Tasty outing to try something different

Ava Hughes, eight, is handed a smoothie by Edward Clifford, from Squeeze Juice Bars at the festival

Ava Hughes, eight, is handed a smoothie by Edward Clifford, from Squeeze Juice Bars at the festival

First published in Columns Oxford Mail: Photograph of the Author by

The Foodies Festival in South Parks celebrated hearty appetites in the sun.

Saturday’s downpours had long dried when I strolled among the eye-catching stalls, the marquees and the vibrant bars, following my nose, and the crowds enjoying the late summer sunshine.

There was something for everyone. If you fancied a burger, how about zebra?

Not your first choice? Then try wildebeest or springbok.

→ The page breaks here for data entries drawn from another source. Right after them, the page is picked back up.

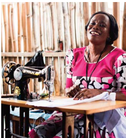
Door microfinanciering kunnen mensen die geen toegang hebben tot financiële instellingen toch zelf een bedrijfje starten en hun situatie verbeteren.

Vanaf december 2018 gaat Natuurpunt Gent in zee met Oikocredit. De projecten van deze organisatie, die zich toespitst op microfinanciering, duurzame landbouw, eerlijke handel en hernieuwbare energie in het Zuiden, verdienen volgens ons alle steun. Dat er meteen ook geld terugvloeit naar de Vinderhoutse Bossen, is daarbij een kers op de taart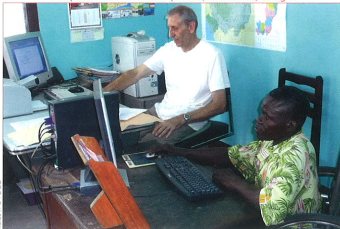
Coopérant DCC à l'École spéciale, Brazzaville, Congo.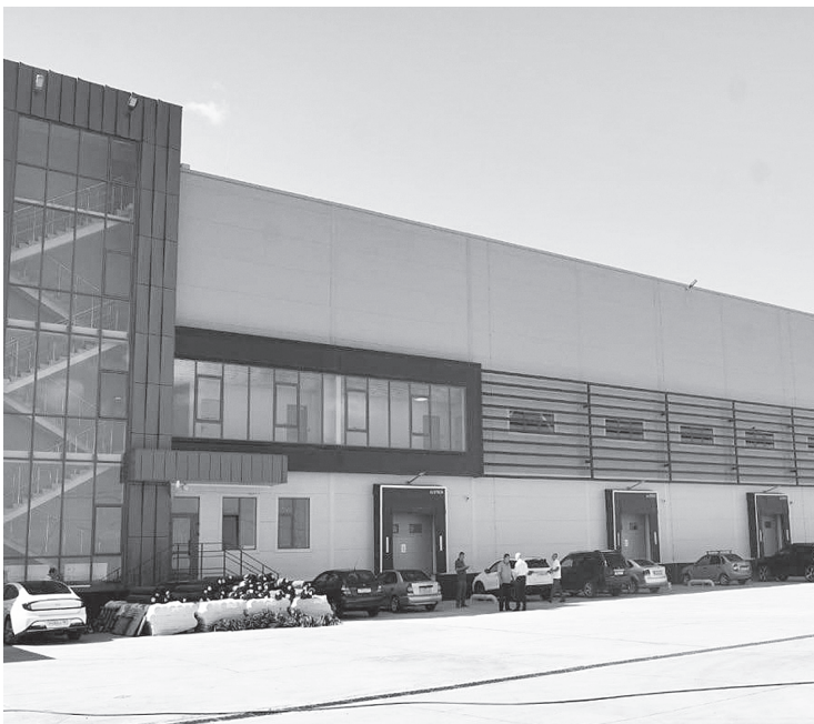
РСК «Юникосметик».

Открытие комплекса создаст не только новые рабочие места с достойной заработной платой, но и обеспечит новые налоговые поступления в бюджет, которые будут направлены на дальнейшее развитие Аксайского района.

Nearby, bruschetta beckoned: crammed with ripe red tomatoes, garlic, leafy basil and freshly grated parmesan.

Posh pork pies vied with great British cheeses: whisky mac or Lancashire bomber? Tempura prawns? The field was all mine.

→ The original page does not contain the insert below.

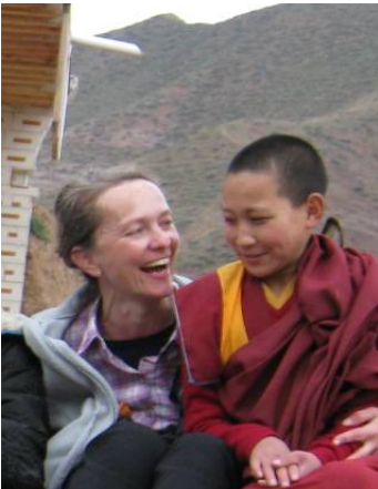
Wiedersehen mit Patenkind

Achong Namdzong Nunnery Health Care Project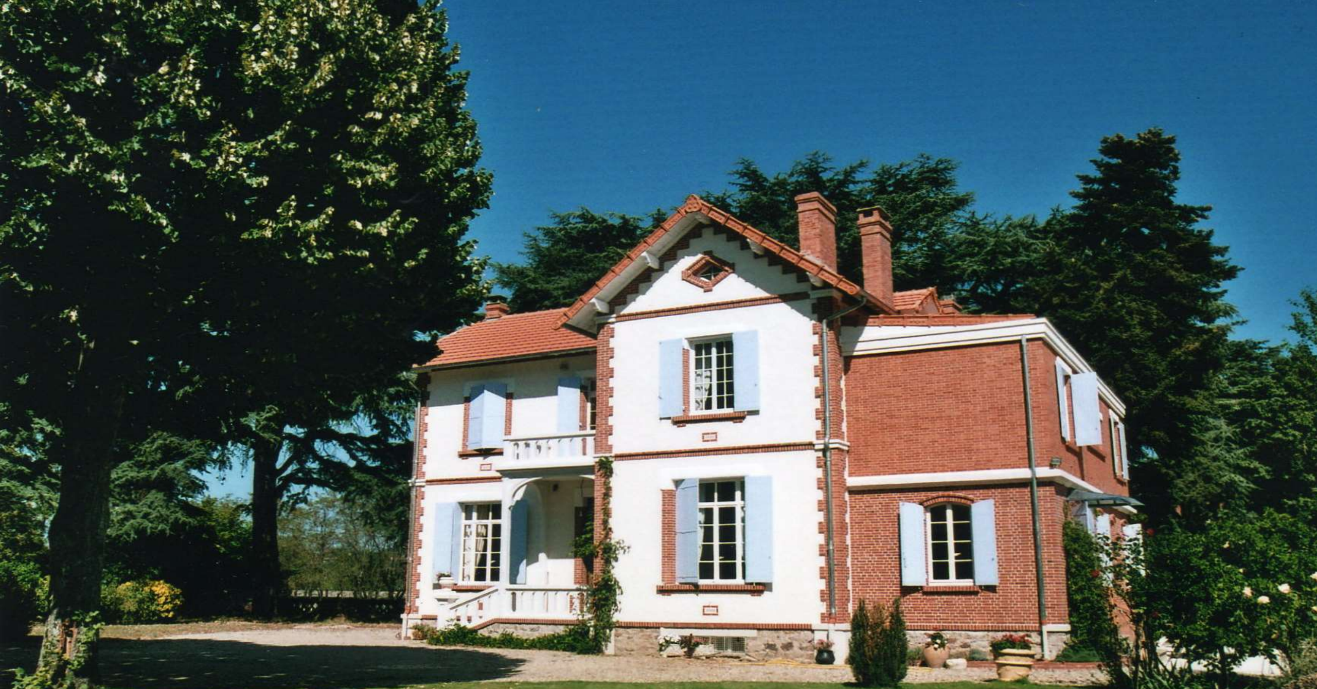
Label AIF - Maison à BLAYE LES MINES - après travaux

Enthusiasm attracted punters – honey opened to sample, quickly attracted a swarm of wasps.

Yet this was the stall to visit if you not only loved the product (the heather honey I tasted was superb), but also the means of production.

A colony would set you back £250, nuclei £150, and a single Queen, £32.

“The more you’re with bees, the more soothing they are,” the stall holder assured me, as wasps buzzed excitedly around us.

He sold us a small jar of pollen grains in a wing beat. “Superfood,” he commented. We’ll see.

Striking marketing could also draw you in.

Sinful smoothies – the “naughty lovechild of fruit and alcohol” packed a mean punch.

The combination of red berry and coconut, with a Malibu-like liqueur tasted good, but looked like rust.

The orange variant appeared more attractive but didn’t taste as distinctive. Still, it was a winner, and at a discounted Foodies Festival rate, fronted by attractive, personable staff, it’s mere six weeks commercial lifespan so far has surely many more months to run.

Savoury and sweet crepes looked even more appetising, served by snappily dressed Frenchman wearing red berets and black and white striped shirts. Ice cream flavours were enhanced by names such as Strawberry Seduction and Honeycombe Hash.

Nine hours of slow cooking over a charcoal grill produced succulent lamb at the Gaucho Grill. A large rib of beef was enjoyed by four- year-old Lottie, a visiting Bernese Mountain Dog who struck lucky.

The Giggly Pig’s sausages were relished by many – perhaps not so giggly for the pigs. “Try that,” the stall holder urged, as a new batch of samples arrived from the grill. Someone asked what was on the dish? “Just eat it,” the man said. Delicious! “You wouldn’t have said that if I’d told you it was faggots,” he said, triumphantly. No, but it tasted great.

Trying new things, enjoying the party atmosphere: a voluptuous singer in a long red dress sang Motown hits – at one time coming apart from her backing track – if not her zip.

“You can’t hurry love,” she sang.

No, and you can’t rush a food festival. It’s too good to bolt. Just linger, savour and taste.